Available data –
Start of Block
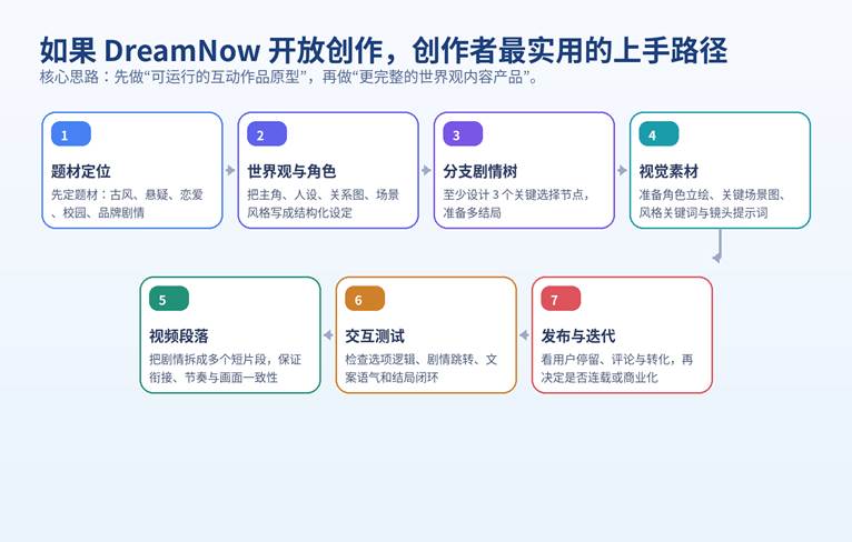- 对创作者而言,DreamNow 的机会不只是做短视频,而是把“角色 + 世界观 + 多结局剧情”打包成一个可持续运营的作品形态。
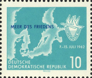 | | Ersttag: | 2.7.1962 | | Abbildung: | Motorschiff "Frieden" (10.020 tdw) im Hafen Rostock | | Zähnung: | K13:13½ | | Druck: | Odr. | | Farbe: | lebhaftkobaltblau/dunkelgraugelb | | Wz: | 3X (DDR Kreuzblüten)
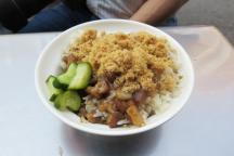 その隣には、米糕(ミーガオ)が看板料理「木西米糕店」が並んでいます。米糕はおこわご飯に魯肉と豚肉そぼろをのせ、きゅうりがトッピングされています。小さなお碗で30元。とても小さなお椀なので、これに魚のすり身団子が入った貢丸湯(25元)や漢方スープの四神湯(30元)を一緒に頼むとちょうどいい量です。
End of Block
Exercise requirements – From the line containing "3X (DDR Kreuzblüten)" down to the last line of the data, print every line exactly and nothing else. Pictures stay out of the copy.

Answer section –
 | | Ersttag: | 2.7.1962 | | Abbildung: | Motorschiff "Frieden" (10.020 tdw) im Hafen Rostock | | Zähnung: | K13:13½ | | Druck: | Odr. | | Farbe: | lebhaftkobaltblau/dunkelgraugelb | | Wz: | 3X (DDR Kreuzblüten)
 その隣には、米糕(ミーガオ)が看板料理「木西米糕店」が並んでいます。米糕はおこわご飯に魯肉と豚肉そぼろをのせ、きゅうりがトッピングされています。小さなお碗で30元。とても小さなお椀なので、これに魚のすり身団子が入った貢丸湯(25元)や漢方スープの四神湯(30元)を一緒に頼むとちょうどいい量です。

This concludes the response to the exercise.